Ramos-Martín V, Paulus S, Siner S, Scott E, Padmore K, Newland P, Drew R J, Felton T W, Docobo-Pérez F, Pizer B, Pea F, Peak M, Turner M A, Beresford M W, Hope W W
Department of Women's and Children's Health, Institute of Translational Medicine, University of Liverpool, Liverpool, United Kingdom Molecular and Clinical Pharmacology Department, Institute of Translational Medicine, University of Liverpool, Liverpool, United Kingdom.
Alder Hey Children's NHS Foundation Trust, Liverpool, United Kingdom.
Antimicrob Agents Chemother. 2014 Nov;58(11):6920-7. doi: 10.1128/AAC.03685-14. Epub 2014 Sep 15.
Teicoplanin is frequently administered to treat Gram-positive infections in pediatric patients. However, not enough is known about the pharmacokinetics (PK) of teicoplanin in children to justify the optimal dosing regimen. The aim of this study was to determine the population PK of teicoplanin in children and evaluate the current dosage regimens. A PK hospital-based study was conducted. Current dosage recommendations were used for children up to 16 years of age. Thirty-nine children were recruited. Serum samples were collected at the first dose interval (1, 3, 6, and 24 h) and at steady state. A standard 2-compartment PK model was developed, followed by structural models that incorporated weight. Weight was allowed to affect clearance (CL) using linear and allometric scaling terms. The linear model best accounted for the observed data and was subsequently chosen for Monte Carlo simulations. The PK parameter medians/means (standard deviation [SD]) were as follows: CL, [0.019/0.023 (0.01)] × weight liters/h/kg of body weight; volume, 2.282/4.138 liters (4.14 liters); first-order rate constant from the central to peripheral compartment (Kcp), 0.474/3.876 h(-1) (8.16 h(-1)); and first-order rate constant from peripheral to central compartment (Kpc), 0.292/3.994 h(-1) (8.93 h(-1)). The percentage of patients with a minimum concentration of drug in serum (Cmin) of <10 mg/liter was 53.85%. The median/mean (SD) total population area under the concentration-time curve (AUC) was 619/527.05 mg · h/liter (166.03 mg · h/liter). Based on Monte Carlo simulations, only 30.04% (median AUC, 507.04 mg · h/liter), 44.88% (494.1 mg · h/liter), and 60.54% (452.03 mg · h/liter) of patients weighing 50, 25, and 10 kg, respectively, attained trough concentrations of >10 mg/liter by day 4 of treatment. The teicoplanin population PK is highly variable in children, with a wider AUC distribution spread than for adults. Therapeutic drug monitoring should be a routine requirement to minimize suboptimal concentrations. (This trial has been registered in the European Clinical Trials Database Registry [EudraCT] under registration number 2012-005738-12.).

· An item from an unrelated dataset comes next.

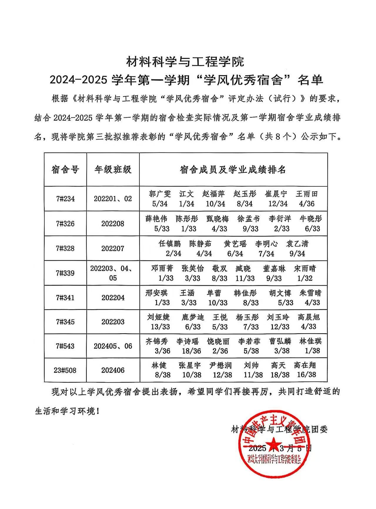 本次“学风优秀宿舍”评选活动是根据《信誉最好的十大体育平台“学风优秀宿舍”评定办法(试行)》的要求,结合2024-2025学年第一学期的宿舍检查实际情况及第一学期宿舍学业成绩排名,现将公司第三批拟推荐表彰的“学风优秀宿舍”名单(共8个)公示如下:7#234、7#326、7#328、7#339、7#341、7#345、7#543、23#508。公司为以上“学风优秀宿舍”发放学习用品奖励,并为宿舍成员在综合测评中予以适当加分。

替考拉宁常用于治疗儿科患者的革兰氏阳性菌感染。然而,关于替考拉宁在儿童体内的药代动力学(PK),目前了解不足,难以确定最佳给药方案。本研究旨在确定替考拉宁在儿童群体中的药代动力学特征,并评估当前的给药方案。开展了一项基于医院的药代动力学研究。对于16岁及以下儿童,采用当前的剂量推荐。招募了39名儿童。在首个给药间隔(1、3、6和24小时)以及稳态时采集血清样本。建立了标准的二室药代动力学模型,随后构建了纳入体重的结构模型。使用线性和异速生长比例项使体重影响清除率(CL)。线性模型最能解释观察到的数据,随后被选用于蒙特卡洛模拟。药代动力学参数的中位数/均值(标准差[SD])如下:CL,[0.019/0.023(0.01)]×体重升/小时/千克体重;容积,2.282/4.138升(4.14升);从中央室到周边室的一级速率常数(Kcp),0.474/3.876小时-1(8.16小时-1);以及从周边室到中央室的一级速率常数(Kpc),0.292/3.994小时-1(8.93小时-1)。血清中药物最低浓度(Cmin)<10毫克/升的患者比例为53.85%。浓度-时间曲线下的总体人群面积(AUC)中位数/均值(SD)为619/527.05毫克·小时/升(166.03毫克·小时/升)。基于蒙特卡洛模拟,体重50、25和10千克的患者中,分别只有30.04%(AUC中位数,507.04毫克·小时/升)、44.88%(494.1毫克·小时/升)和60.54%(452.03毫克·小时/升)在治疗第4天达到谷浓度>10毫克/升。替考拉宁在儿童群体中的药代动力学差异很大,AUC分布范围比成人更宽。应常规进行治疗药物监测,以尽量减少浓度不理想的情况。(本试验已在欧洲临床试验数据库注册[EudraCT],注册号为2012 - 005738 - 12。)